Get Duration. Get the length of the list of stake values. Save the duration metric in the durations list.
Statistical Description of Maxima. Compute the average and standard deviation of the values in the maxima list.
Statistical Description of Durations. Compute the average and standard deviation of values in the durations list.
Both this overall Simulator and the
Game collaborate with the
Player. The Simulator's
collaboration, however, initalizes the Player
and then monitor's the changes to the Player's
stake. We have to design two interfaces for this collaboration.
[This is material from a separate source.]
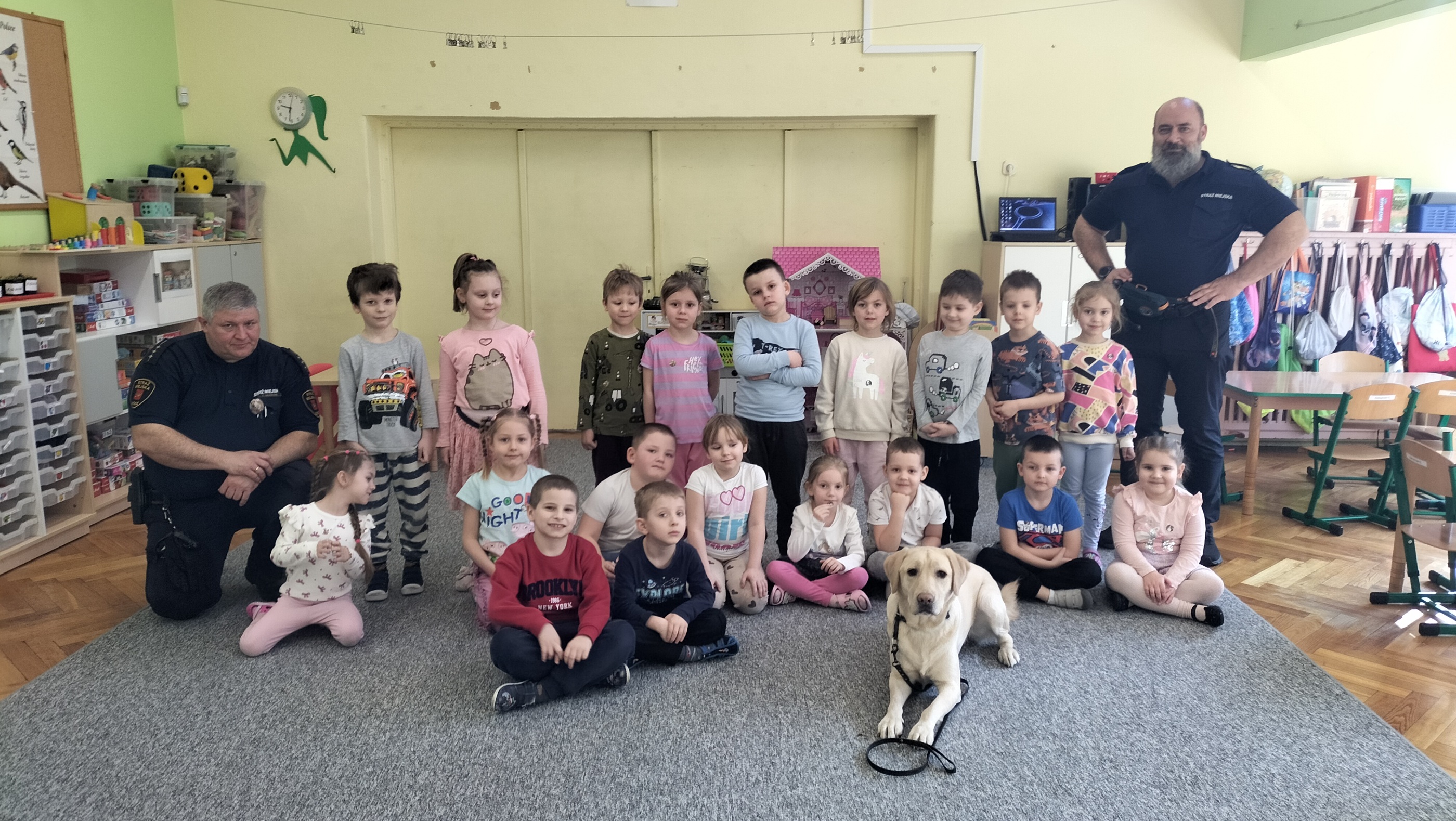 Dzieci w trakcie zajęć z funkcjonariuszami straży miejskiej poznały pracę psa służbowego. Funkcjonariusze zapoznały dzieci z zasadami bezpiecznego zachowania w stosunku do obcych psów. Poznały też sposób obronnego zachowania w razie ataku agresywnego psa.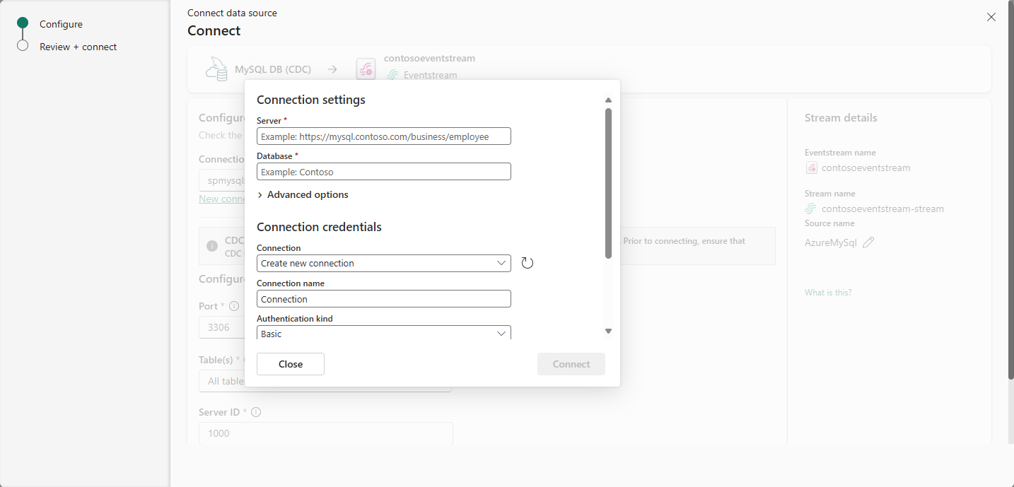 È possibile espandere Impostazioni avanzate per accedere ad altre opzioni di configurazione per l'origine CDC del database MySQL:

Player Initialization. The Simulator will initialize a
Player for 250 cycles of play, assuming about
one cycle each minute, and about four hours of patience. We will
also initialize the player with a generous budget of the table
limit, 100 betting units. For a $10 table, this is $1,000
bankroll.
Currently, the Player class is designed
to play one session and stop when their duration is reached or their
stake is reduced to zero. We have two alternatives for reinitializing
the Player at the beginning of each
session.
Provide some setters that allow a
client class like this overall simulator control to reset the
stake and roundsToGo values
of a Player.
Provide a Factory that
allows a client class to create new, freshly initialized instances
of Player.
While the first solution is quite simple, there are some
advantages to creating a PlayerFactory. If we
create an Abstract Factory, we have a
single place that creates all Players. Further,
when we add new player subclasses, we introduce these new subclasses
by creating a new subclass of the factory. In this case, however, only
the main program creates instances of Player,
reducing the value of the factory. While design of the factory is a
good exercise, we can scrape by with adding setter methods to the
Player class.
Player Interrogation. The Simulator will interrogate the
Player after each cycle and capture the
current stake. An easy way to manage this detailed data is to create
a List that contains the stake at the
end of each cycle. The length of this list and the maximum value in
this list are the two metrics the Simulator
gathers for each session.
Our list of maxima and durations are created sequentially during
the session and summarized sequentially at the end of the session. A
Java LinkedList will do everything we need. For
a deeper discussion on the alternatives available in the collections
framework, see Java Collections.
Statistical Summary. The Simulator will interrogate the
Player after each cycle and capture the
current stake. We don't want the sequence of stakes for each cycle,
however, we want a summary of all the cycles in the session. We can
save the length of the sequence as well as the maximum of the
sequence to determine these two aggregate performance parameters for
each session. Our objective is to run several session simulations to
get averages and a standard deviations for duration and maximum
stake. This means that the Simulator needs to
retain these statistical samples. We will defer the detailed design
of the statistical processing, and simply keep the duration and
maximum values in Lists for this first round of design.